**WORK REQUEST**
Repeat each entry below exactly, omitting any picture it holds.
Content starts
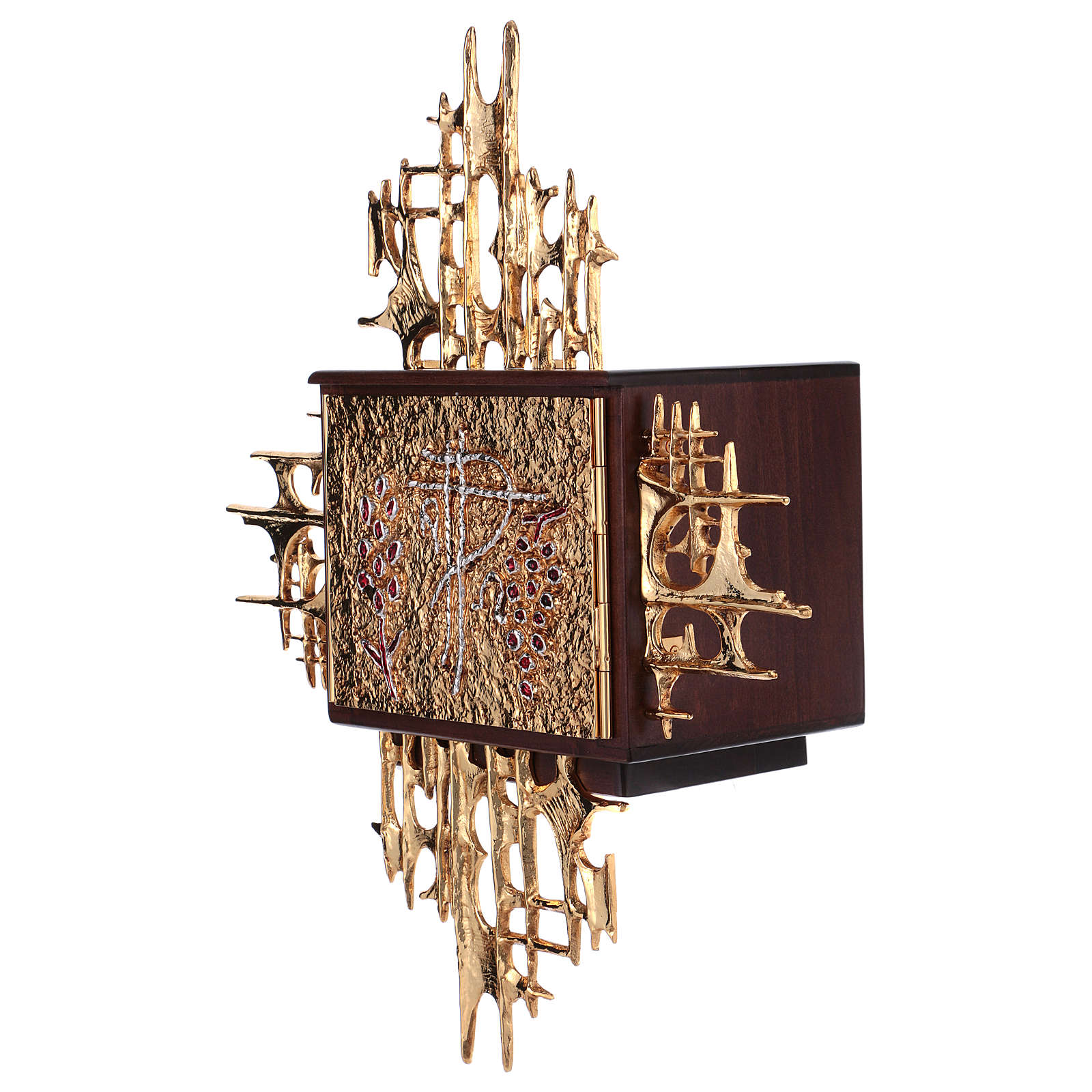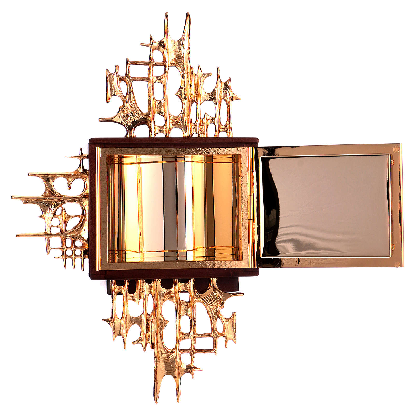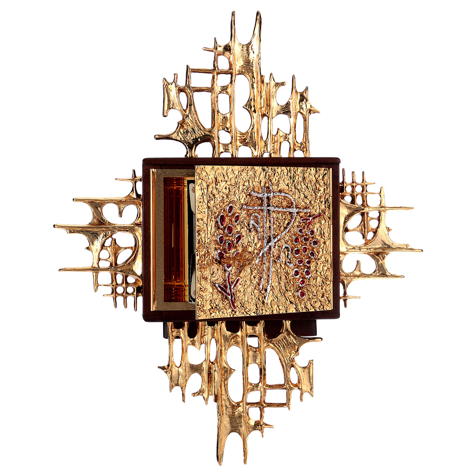 Tabernacol de perete, din lemn, cu usa din alama bruta aurita si argintata si raze
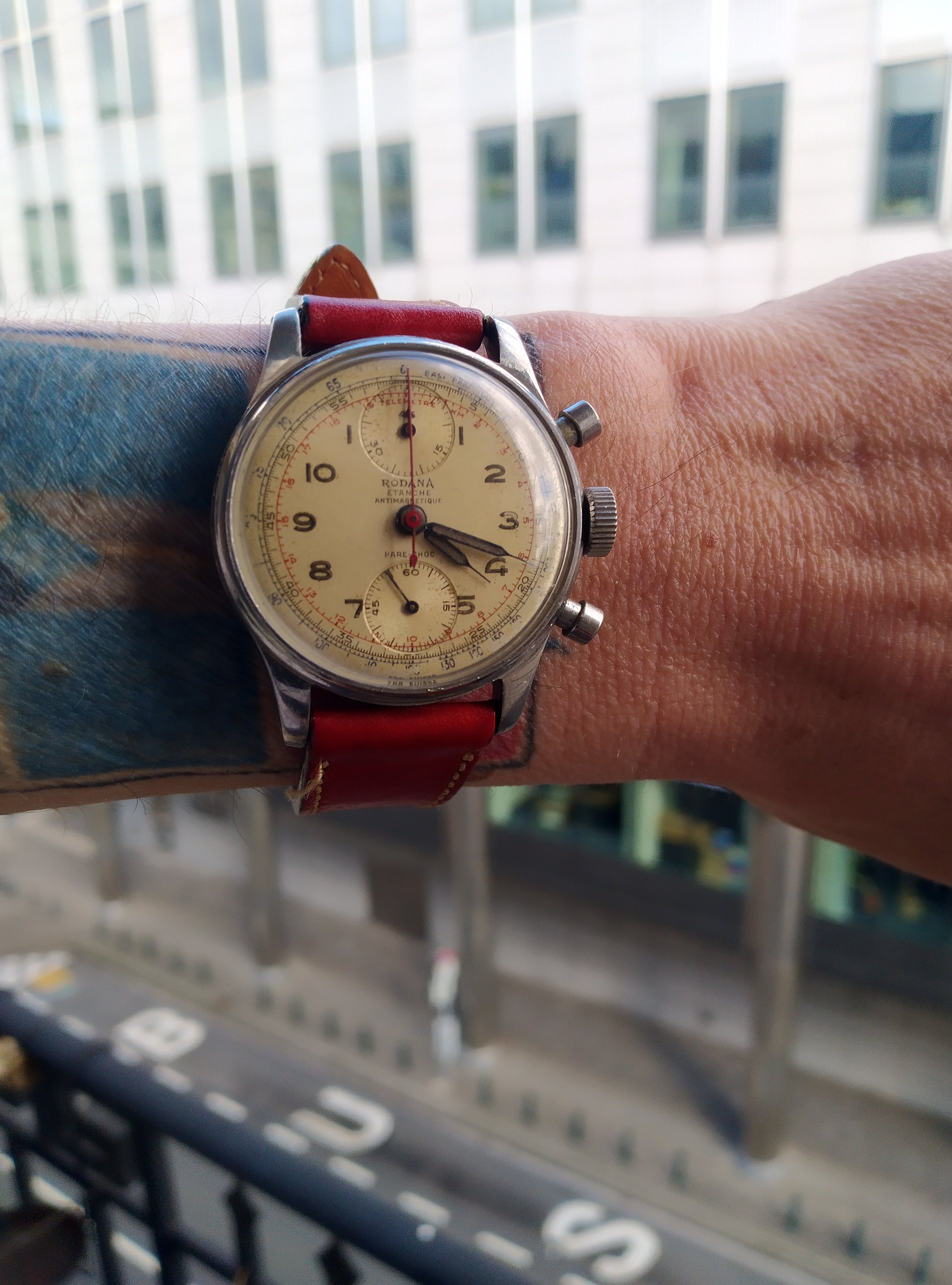 I recently bought a couple of nice collections of mostly old chronographs and got this one without even knowing it was included. It’s a lot visually but a fun watch.
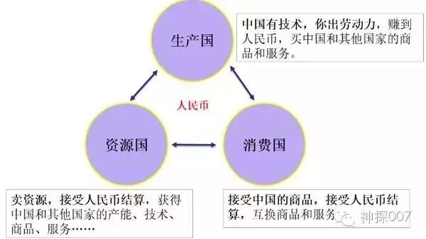 生产国只要愿意接受中国企业的投资、技术输出、品牌输出,或者愿意接受人民币为记账货币的贷款,中国就愿意出钱、出技术、出经验把工厂建到它想建的地方,它出劳动力,生产出商品给本国用或出口给其他国家,若是出口商品愿意接受人民币结算,则获得人民币后可以换取中国或愿意接受人民币的国家的商品和服务。
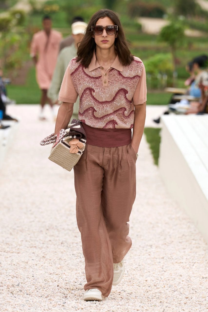 再看一個來自Amiri的例子,更有活力氣息的淺藍色穿搭。雖說是粉藍色,但品牌使用的色調帶點灰色,不會太過亮眼和幼態,裡面使用淺藍色polo針織上衣,外面加上層層白色配淺藍色外套,連褲子也用上同色調,也不顯單調。
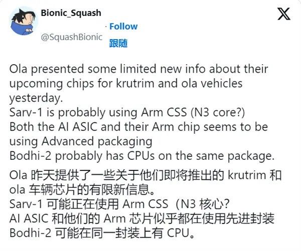 据最新报道,印度汽车制造商Ola宣布计划于2026年推出首款自研AI芯片。这款芯片将采用ARM架构,并由Ola Electric负责研发。虽然Ola并未透露该AI芯片的具体产品线,但已展示了包括Bodhi系列AI芯片、Sarv-1云原生CPU和Ojas边缘AI芯片在内的几款产品。
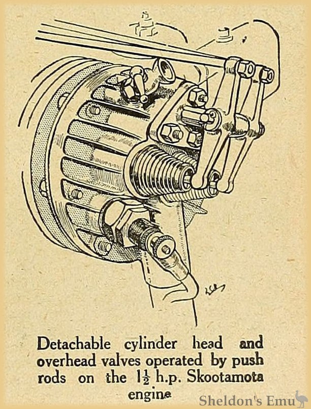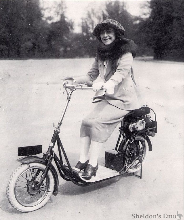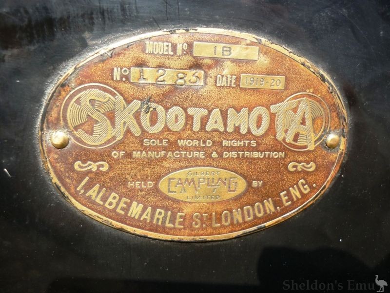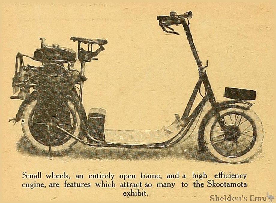 1920 The Skootamota had a design change, to a single cylinder 123cc OHV engine by ABC, also a Bradshaw design, and transmission by chain to the rear wheel. The fuel tank was positioned over the engine and the saddle to the front so that the rider could sit when in motion.
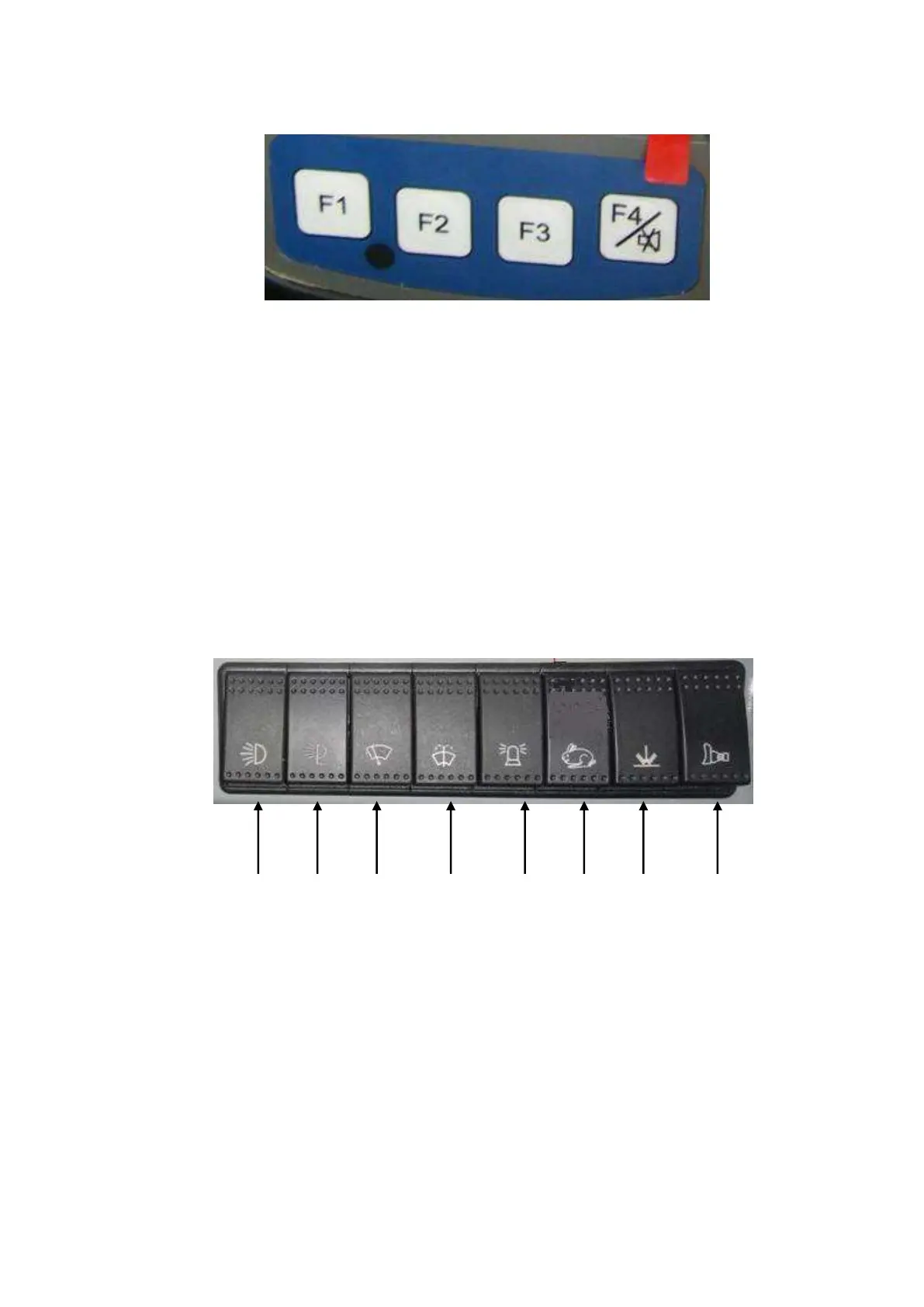 The four buttons of the first line under monitor, their functions will be displayed in monitor, different
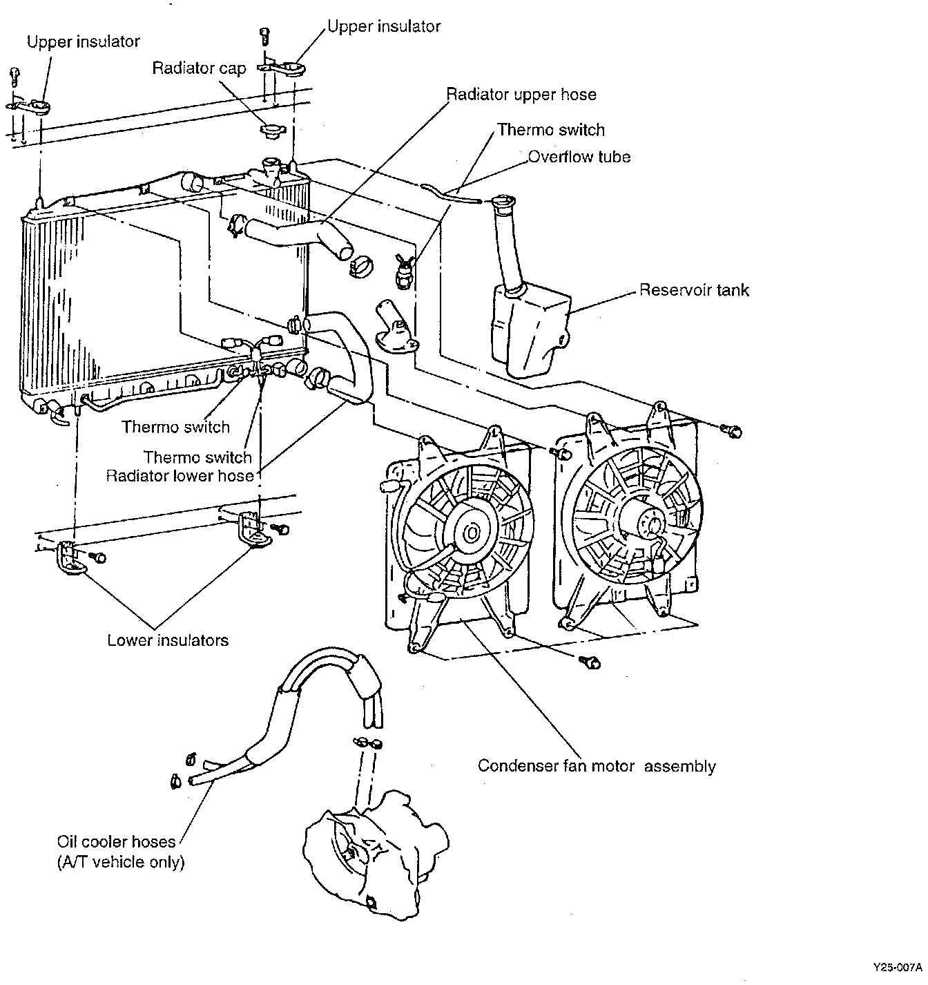 4. Disconnect the upper and lower hoses and overflow tube after making marks on the radiator hose and the hose clamp.
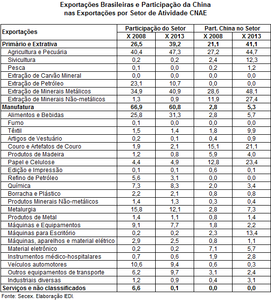 No caso das exportações, a participação dos bens primários e da indústria extrativa aumentou 12,7 pontos percentuais (p.p), de 26,5% em 2008 para 39,2% em 2013. Esse aumento ocorreu pari passu com o crescimento do peso da China nas vendas externas desses bens (de 21,1% para 40,1%), com destaque para agricultura e pecuária e extração de minerais metálicos. Entre 2008 e 2013, enquanto a participação desses segmentos no total avançou 6,9 p.p e 6,0 p.p, respectivamente, o peso da China nas respectivas exportações aumentou 17,5 p.p e 19,5 p.p.
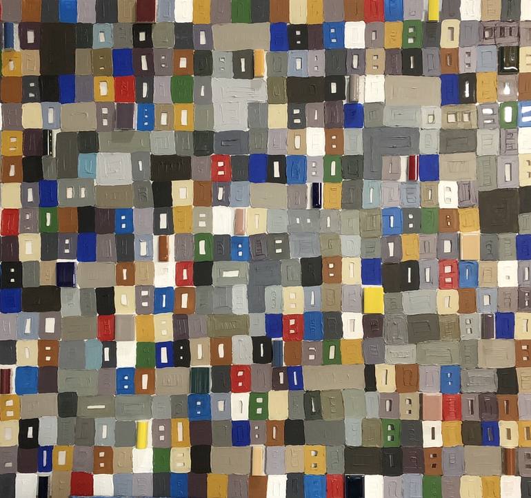 "Integrated" is an abstract reference to diversity in suburban neighborhoods. It is a social and political comment on stereotypes and bias regarding race, social status and location. Acrylic and ceramic tiles on clear panel. Mounted on natural contemporary wood box frame. Wired and ready to hang...
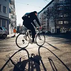Cycling in Berlin is a significant form of transport in the German capital where around 500,000 daily bike riders accounted for 13% of total traffic in 2010.[1] The city has a highly developed bicycling infrastructure and it is estimated that Berlin has 710 bicycles per 1000 residents.[2] Among cities with more than one million inhabitants Berlin is a metropolis with one of the highest rates of bicycle commuting in the world.
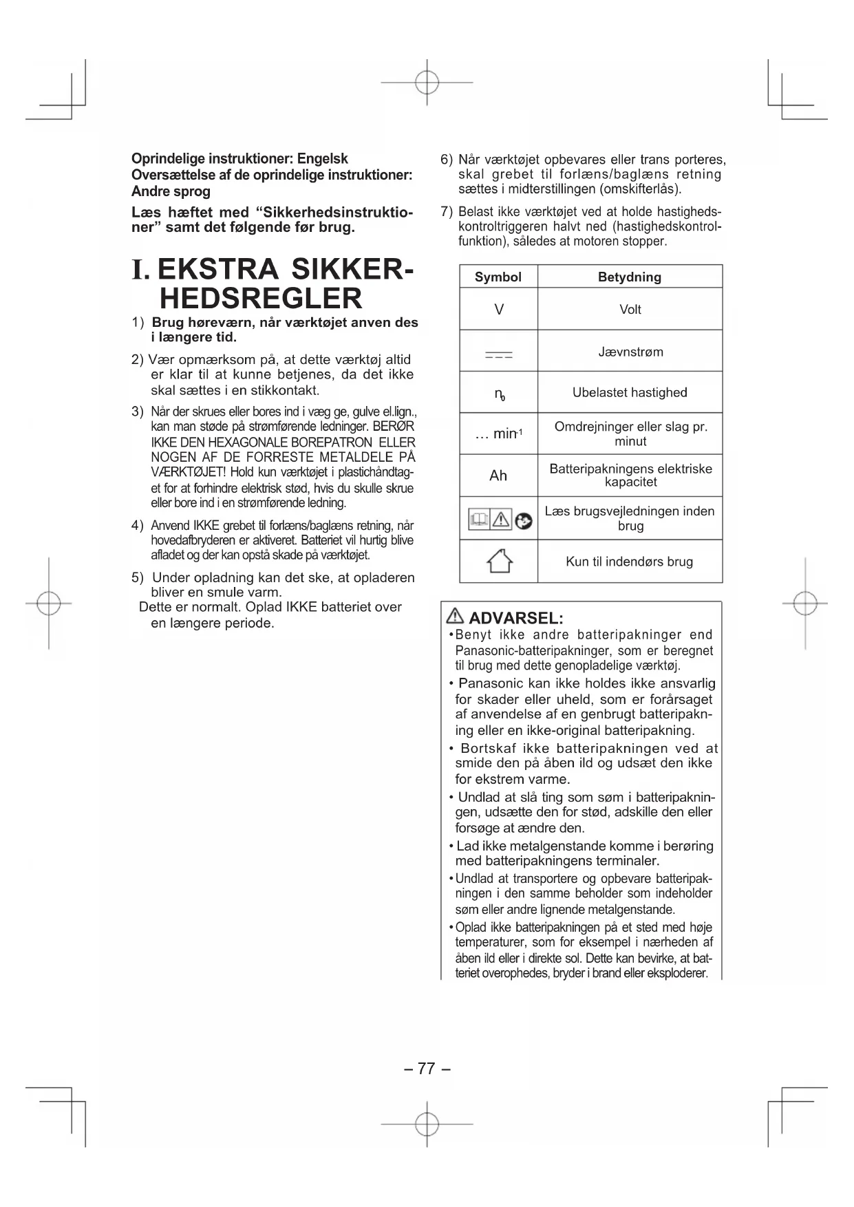 Oplad ikke batteripakningen på et sted med høje temperaturer, som for eksempel i nærheden af åben ild eller i direkte sol. Dette kan bevirke, at bat- teriet overophedes, bryder i brand eller eksploderer. Oprindelige instruktioner: Engelsk Oversættelse af de oprindelige instruktioner: Andre sprog Læs hæftet med “Sikkerhedsinstruktio- ner” samt det følgende før brug. EY7546_EY7547_EY7550_EY7551_EU_007(DK).indd 77 2012-10-12 13:21:51-
Content ends
**WRITTEN REPLY**
 Tabernacol de perete, din lemn, cu usa din alama bruta aurita si argintata si raze
 I recently bought a couple of nice collections of mostly old chronographs and got this one without even knowing it was included. It’s a lot visually but a fun watch.
 生产国只要愿意接受中国企业的投资、技术输出、品牌输出,或者愿意接受人民币为记账货币的贷款,中国就愿意出钱、出技术、出经验把工厂建到它想建的地方,它出劳动力,生产出商品给本国用或出口给其他国家,若是出口商品愿意接受人民币结算,则获得人民币后可以换取中国或愿意接受人民币的国家的商品和服务。
 再看一個來自Amiri的例子,更有活力氣息的淺藍色穿搭。雖說是粉藍色,但品牌使用的色調帶點灰色,不會太過亮眼和幼態,裡面使用淺藍色polo針織上衣,外面加上層層白色配淺藍色外套,連褲子也用上同色調,也不顯單調。
 据最新报道,印度汽车制造商Ola宣布计划于2026年推出首款自研AI芯片。这款芯片将采用ARM架构,并由Ola Electric负责研发。虽然Ola并未透露该AI芯片的具体产品线,但已展示了包括Bodhi系列AI芯片、Sarv-1云原生CPU和Ojas边缘AI芯片在内的几款产品。
 1920 The Skootamota had a design change, to a single cylinder 123cc OHV engine by ABC, also a Bradshaw design, and transmission by chain to the rear wheel. The fuel tank was positioned over the engine and the saddle to the front so that the rider could sit when in motion.
 The four buttons of the first line under monitor, their functions will be displayed in monitor, different
 4. Disconnect the upper and lower hoses and overflow tube after making marks on the radiator hose and the hose clamp.
 No caso das exportações, a participação dos bens primários e da indústria extrativa aumentou 12,7 pontos percentuais (p.p), de 26,5% em 2008 para 39,2% em 2013. Esse aumento ocorreu pari passu com o crescimento do peso da China nas vendas externas desses bens (de 21,1% para 40,1%), com destaque para agricultura e pecuária e extração de minerais metálicos. Entre 2008 e 2013, enquanto a participação desses segmentos no total avançou 6,9 p.p e 6,0 p.p, respectivamente, o peso da China nas respectivas exportações aumentou 17,5 p.p e 19,5 p.p.
 "Integrated" is an abstract reference to diversity in suburban neighborhoods. It is a social and political comment on stereotypes and bias regarding race, social status and location. Acrylic and ceramic tiles on clear panel. Mounted on natural contemporary wood box frame. Wired and ready to hang...
Cycling in Berlin is a significant form of transport in the German capital where around 500,000 daily bike riders accounted for 13% of total traffic in 2010.[1] The city has a highly developed bicycling infrastructure and it is estimated that Berlin has 710 bicycles per 1000 residents.[2] Among cities with more than one million inhabitants Berlin is a metropolis with one of the highest rates of bicycle commuting in the world.
 Oplad ikke batteripakningen på et sted med høje temperaturer, som for eksempel i nærheden af åben ild eller i direkte sol. Dette kan bevirke, at bat- teriet overophedes, bryder i brand eller eksploderer. Oprindelige instruktioner: Engelsk Oversættelse af de oprindelige instruktioner: Andre sprog Læs hæftet med “Sikkerhedsinstruktio- ner” samt det følgende før brug. EY7546_EY7547_EY7550_EY7551_EU_007(DK).indd 77 2012-10-12 13:21:51-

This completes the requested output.